Contudo, alguns autores avaliando esta característica em fêmeas Holandesas, identificaram 
esta estrutura 12 horas após a ruptura do folículo ovulatório, determinando que em fêmeas 
com estruturas luteais de maiores diâmetros, há a possibilidade de identificação precoce do 
CL (KASTELIC et al., 1990). 
No ciclo reprodutivo bovino a dinâmica luteal pode ser dividida em duas fases 
distintas denominadas luteogênese e luteólise (SENGER, 2003). 
 
 
Luteogênese 
 
O CL é uma glândula transitória que se origina rapidamente dois a três dias após a 
ovulação, a partir da luteinização das células remanescentes do folículo, acompanhada por 
uma intensa angiogênese e vascularização (MIYAMOTO et al., 2009; FORDE et al., 2011). 
Esta estrutura sintetiza como principal produto a progesterona, porém secreta em menores 
quantidades outras substâncias como relaxina, ocitocina e prostaglandinas (SENGER, 2003). 
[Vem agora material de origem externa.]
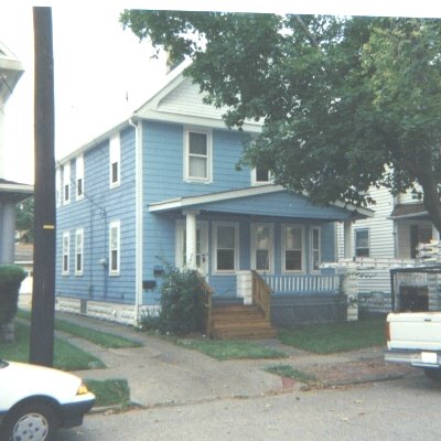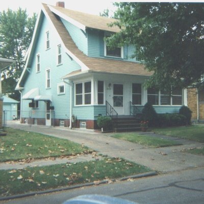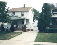 ![]() aluminum siding house-white&green trim Garfield Hts edge park home Grey wood siding home
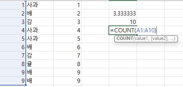 COUNT | 범위 내 셀 개수 | A1:A10 셀의 개수 구하기: =COUNT(A1:A10) |
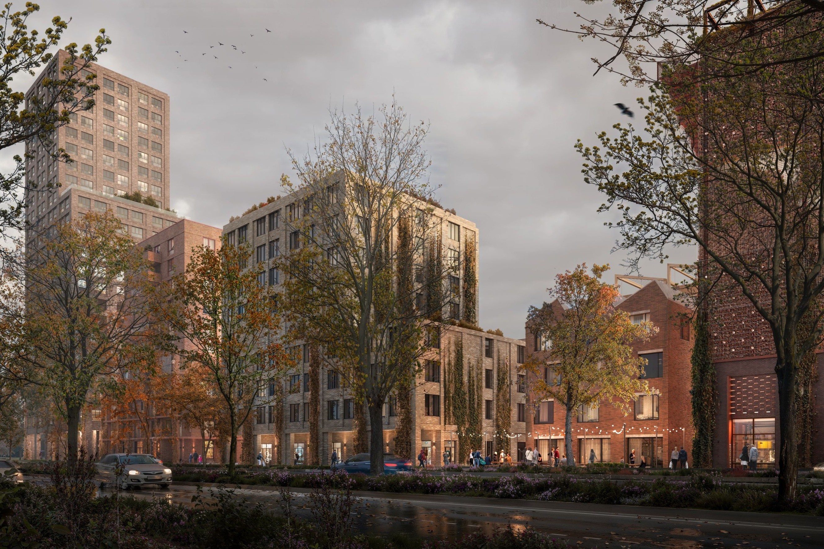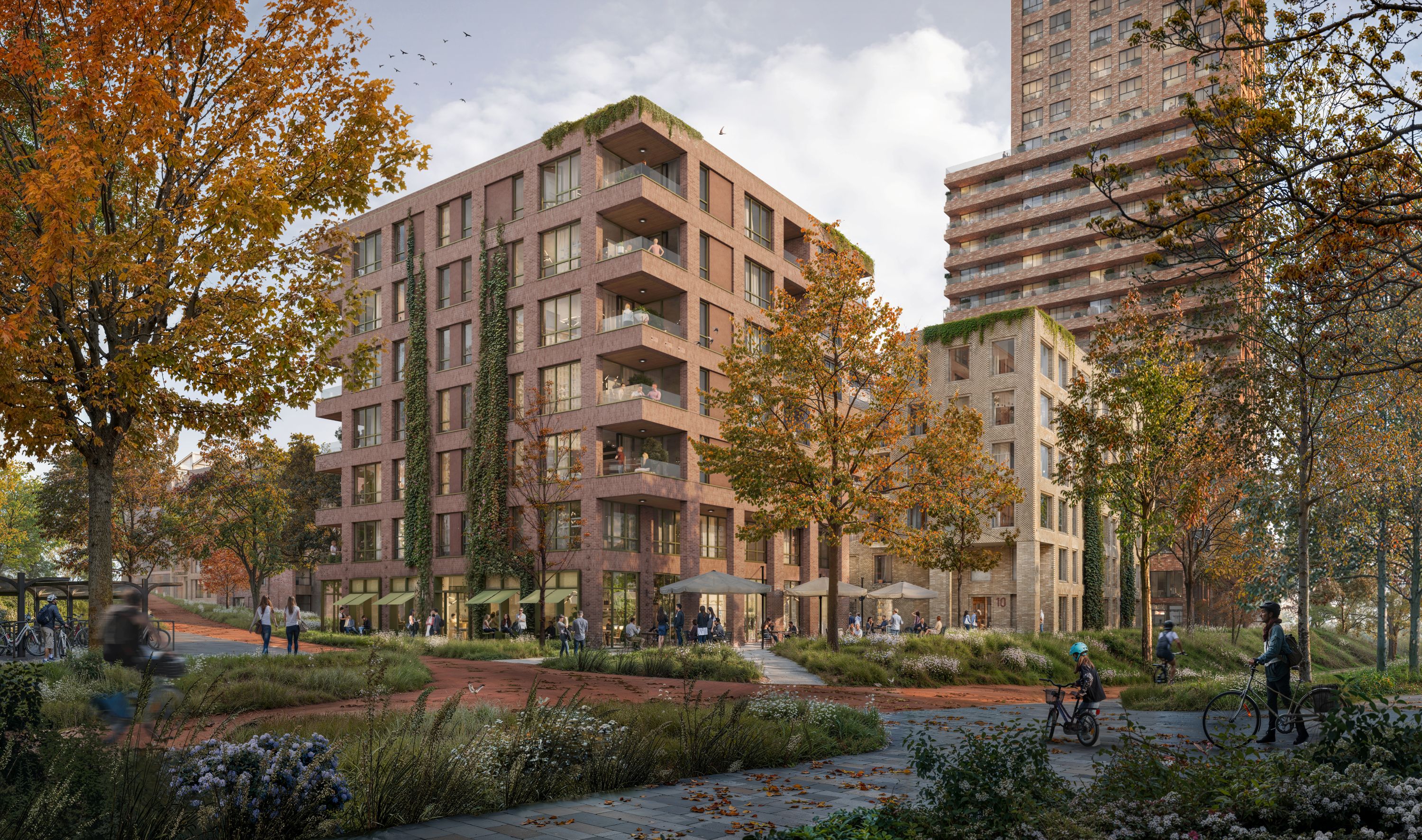 The façades are inspired by Nijmegen’s local architecture – from post-war heritage to industrial brick buildings. A palette of brick forms the base, enriched with frameworks, arcades, and pergolas that create soft transitions between inside and outside. Subtle brick bonds, patterns, and joints echo Nijmegen’s tradition while adding depth and variety to the architecture.
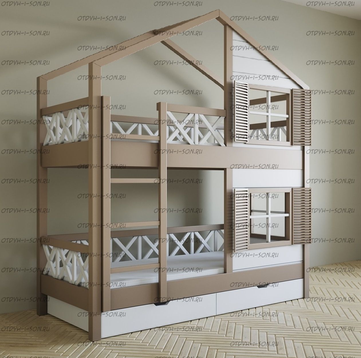 Кровать двухъярусная домик Прованс Roof №5Y3 с тремя окнами может быть изготовлена с кроватью для новорожденного внизу или как трехъярусная кровать, а также в любых размерах и цветах.
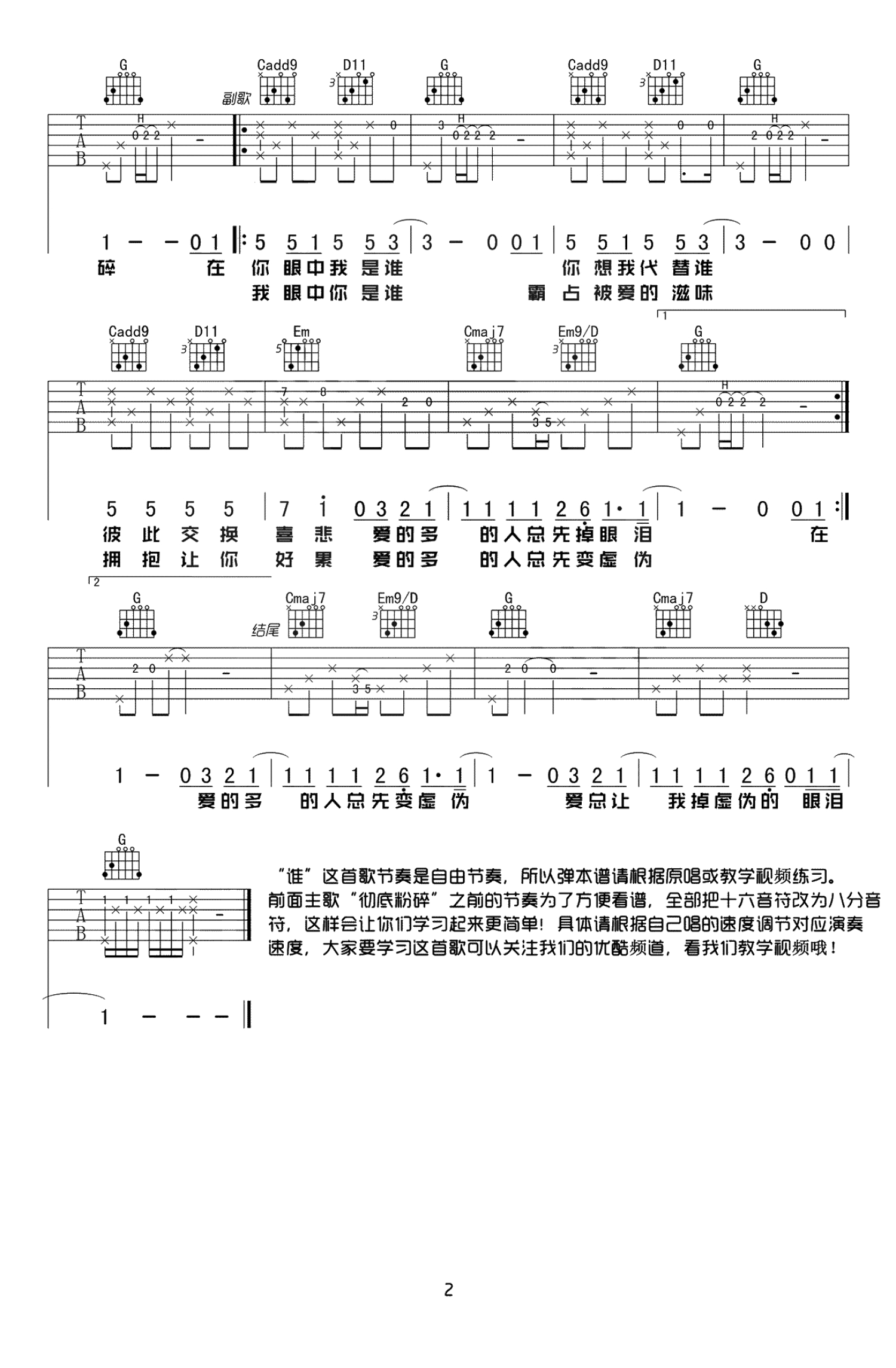 当前位置:琴谱网>吉他弹唱>谁

Uma nova interface ao estudo da dinâmica luteal foi aberta com o advento da 
ultrassonografia, que associado com avaliações histológicas permitiram o acesso às 
características morfológicas dos CLs e melhor entendimento do processo de formação luteal 
(BORGES et al., 2003; PAREJA et al., 2010). Os principais eventos que marcam a 
luteogênese constituem a migração, a diferenciação e a proliferação celular (MARTIN e 
FERREIRA, 2009). 
Com a ovulação, o espaço previamente ocupado pelo folículo é invadido por células 
endoteliais, pericitos, fibroblastos e células do sistema imune que deixam a corrente 
sanguínea em direção ao tecido luteal em formação, caracterizando a fase de migração 
(DAVIS et al., 2003). Ao alcançarem este local, ocorre uma reorganização das células 
foliculares remanescentes e as migratórias, originando uma massa de células incialmente 
denominada de corpo hemorrágico que posteriormente se diferenciam para compor a estrutura 
histológica do CL (BERTAN et al., 2006). 
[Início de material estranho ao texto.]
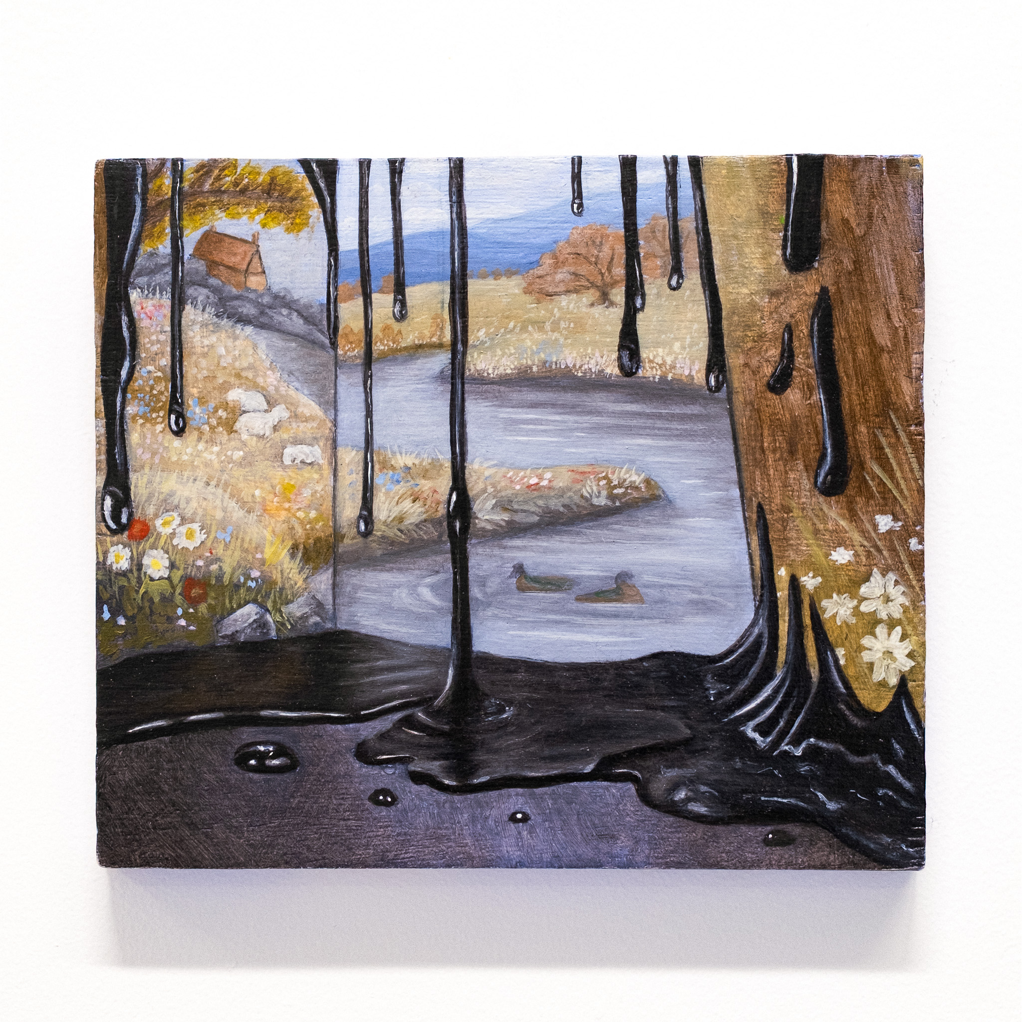 Du 19 mars au 14 mai 2026, la Galerie Nicolas Salloum inaugure sa première exposition : « collant, poisseux, visqueux ». Le titre désigne moins une qualité de matière que la condition contemporaine des formes ; ce qui colle, déborde, persiste, et résiste à toute séparation nette. Les sculptures de Rémi Galtier suspendent l'usage et déploient des volumes organiques, presque érotiques au sens de Bataille, tandis que les paysages de Clara Lou Villechaise transforment la nature en simulacre saturé, traversé de flux visqueux et toxiques, rejoignant les notions de Morton sur l'hyperobjet et de Baudrillard sur le simulacre. Réunies dans une scénographie épurée, ces œuvres d'artistes émergents explorent la friction entre matière et image, entre objet et volume. « Collant, poisseux, visqueux » propose ainsi un espace sensible et critique où le regard ne se contente pas d'observer : il entre en contact, il adhère, il est traversé par l'énergie et l'excès des œuvres.

A diferenciação é um mecanismo iniciado no momento do pico pré-ovulatório de LH 
com a luteinização das células foliculares da teca e da granulosa, as quais se convertem, 
respectivamente, em pequenas e grandes células luteais, apresentando uma mudança no perfil 
esteroidogênico tendo como produto final a secreção de progesterona (WILTBANK et al., 
2002; BERTAN et al., 2006). 
De acordo com estudos de Bao e Garverick (1998), a diferenciação das células luteais 
em estruturas capazes de produzir progesterona ocorre em consequência de um significativo 
aumento na expressão de proteínas transportadoras de colesterol para o interior da membrana 
mitocondrial e de enzimas esteroidogênicas necessárias para conversão de colesterol em 
progesterona, destacando-se a citocromo P450scc. 
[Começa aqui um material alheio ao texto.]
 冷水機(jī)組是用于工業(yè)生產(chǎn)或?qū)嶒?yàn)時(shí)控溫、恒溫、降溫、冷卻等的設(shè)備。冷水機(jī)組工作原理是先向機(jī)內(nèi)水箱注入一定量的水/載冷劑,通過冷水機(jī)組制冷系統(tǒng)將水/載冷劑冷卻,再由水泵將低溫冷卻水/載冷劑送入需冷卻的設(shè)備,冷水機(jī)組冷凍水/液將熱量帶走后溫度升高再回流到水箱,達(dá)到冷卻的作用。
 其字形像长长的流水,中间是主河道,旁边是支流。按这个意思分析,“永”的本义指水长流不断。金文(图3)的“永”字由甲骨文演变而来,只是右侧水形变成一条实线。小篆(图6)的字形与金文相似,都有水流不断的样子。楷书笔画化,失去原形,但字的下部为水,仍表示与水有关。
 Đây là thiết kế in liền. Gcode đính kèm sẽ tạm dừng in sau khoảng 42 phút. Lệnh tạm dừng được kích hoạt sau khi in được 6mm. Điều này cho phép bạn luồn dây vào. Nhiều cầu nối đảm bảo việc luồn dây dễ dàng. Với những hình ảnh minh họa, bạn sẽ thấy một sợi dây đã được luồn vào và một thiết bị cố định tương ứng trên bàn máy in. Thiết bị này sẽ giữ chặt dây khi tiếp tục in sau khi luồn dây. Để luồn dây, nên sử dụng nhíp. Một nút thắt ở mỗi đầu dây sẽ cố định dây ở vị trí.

O processo de luteinização exercido pelo LH continua durante toda a formação do CL 
(BERTAN et al., 2006). Quintal-franco et al. (1999) avaliaram a dinâmica luteal de fêmeas 
bovinas mestiças e demonstraram que os animais com baixos níveis de LH na luteogênese 
apresentaram CL menores e reduzida produção de progesterona. Concluindo que o LH 
desempenha um importante papel para desenvolvimento de uma massa luteal saudável 
morfológica e funcionalmente. 
Após formação da massa luteal inicial, ocorre uma intensa proliferação celular, 
levando ao crescimento linear do CL até atingir sua máxima dimensão e funcionalidade. 
Durante este período, as grandes células luteais se hipertrofiam, passando por profundo 
incremento de tamanho, enquanto as pequenas células luteais, fibroblastos e células 
endoteliais sofrem sucessivas multiplicações numéricas (SCHAMS e BERISHA, 2004). Este 
intenso crescimento luteal é semelhante a uma proliferação de massa tumoral e ao longo de 11 
dias, permite o CL sair de um peso de 0,2g para aproximadamente de 4g (FIELDS e FIELDS, 
1996). 
Na maioria das espécies domésticas, inclusive em bovinos, o CL é uma massa 
heterogênea formada por duas populações distintas de células: as pequenas células luteais 
derivadas das células da teca e as grandes células luteais derivadas das células da granulosa. 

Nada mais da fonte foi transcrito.